■ PROBLEM DETAILS ■
Taking only the lines of the data below from the line with "Clasificación del sector" to the line with "優しい手触りの久米島紬に、ゆ", ends included, write them out exactly and without pictures.

Stored dataset items:
###
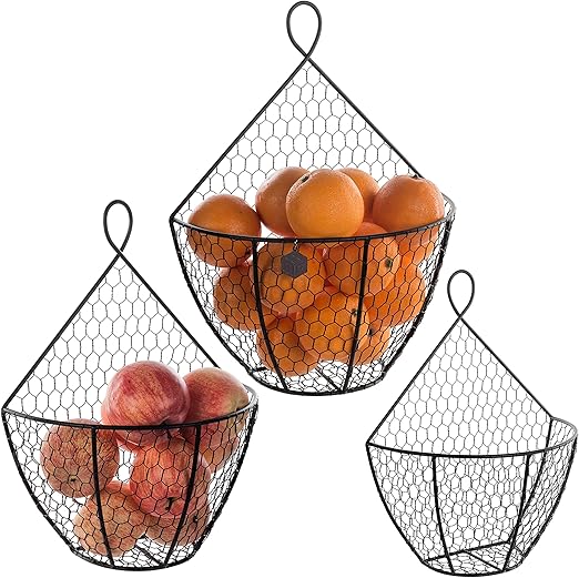 Premium 3 Tier Wall Mounted Hanging Wire Baskets Storage With
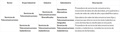 Clasificación del sector de telecomunicaciones
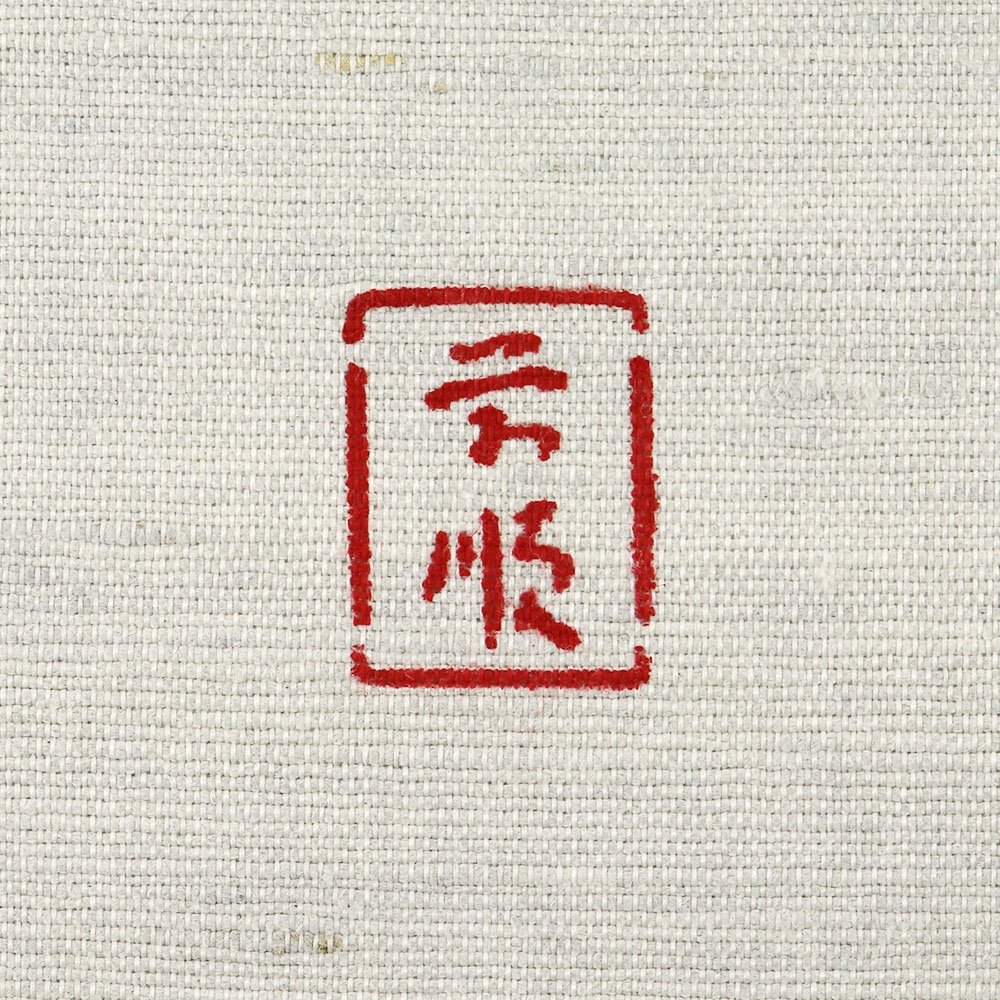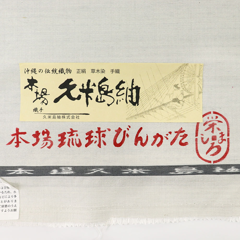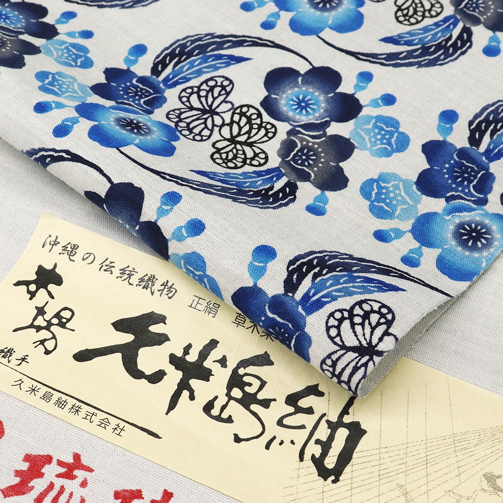 優しい手触りの久米島紬に、ゆうな染めで美しい灰色を染めた帯地の一本。沖縄の固有種であるイジュの花をモチーフに丸紋を描いています。イジュの花は美しいだけでなく、漁に使用することもあるそう。着物に合わせられるよう、原色よりも柔らかめの中間色を用い、紅型独自の「ゆらぎ」を表現した城間氏ならではの温かみが感じられる仕上がりです。無地感のある着物に合わせると、この帯の美しさが一層映えて洗練されたスタイルを着姿に映しだしてくれるでしょう。
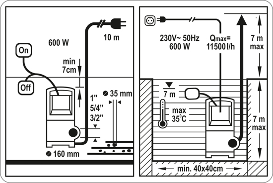 Panardinamieji siurbliai, skirti švaraus ir užteršto vandens perpumpavimui, aeravimui bei cirkuliacijai iš lietaus vandens talpyklų ir šulinių. Gali būti naudojami vandeniui iš baseinų, rūsių, iškasų išpumpuoti, naudojami namų ūkiuose ir žemės ūkyje, sklypuose, statybvietėse. • automatinis plūdinis jungiklis, reaguojantis į kintantį vandens lygį • korpusas iš smūgiams atsparaus plastiko • tvirta konstrukcija • maks. panardinimo gylis: 7 m • maks. nešvarumų dydis: 25 mm • maks. vandens temp.: 35°C • gumuotas laidas: 10 m • jungties adapteriai: 1″, 1-1/4″, 1-1/2″ GALIA [W]: 600 NAŠUMAS [l/h]: 10 000 VANDENS KĖLIMO AUKŠTIS (m): 5,5
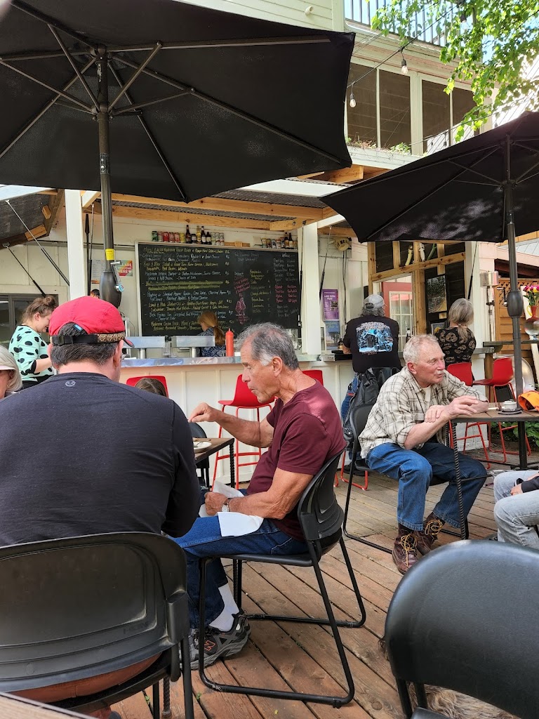 I went to this amazing restaurant yesterday. It is a very quaint, rustic surprise. The staff, food and the customers were all very friendly. There were even a few four-legged visitors stopping in to pet. The weather was beautiful so having the open air dining made it even better. There are a few tables indoors.
###
■ RESPONSE TO THE TASK ■
 Clasificación del sector de telecomunicaciones
 優しい手触りの久米島紬に、ゆうな染めで美しい灰色を染めた帯地の一本。沖縄の固有種であるイジュの花をモチーフに丸紋を描いています。イジュの花は美しいだけでなく、漁に使用することもあるそう。着物に合わせられるよう、原色よりも柔らかめの中間色を用い、紅型独自の「ゆらぎ」を表現した城間氏ならではの温かみが感じられる仕上がりです。無地感のある着物に合わせると、この帯の美しさが一層映えて洗練されたスタイルを着姿に映しだしてくれるでしょう。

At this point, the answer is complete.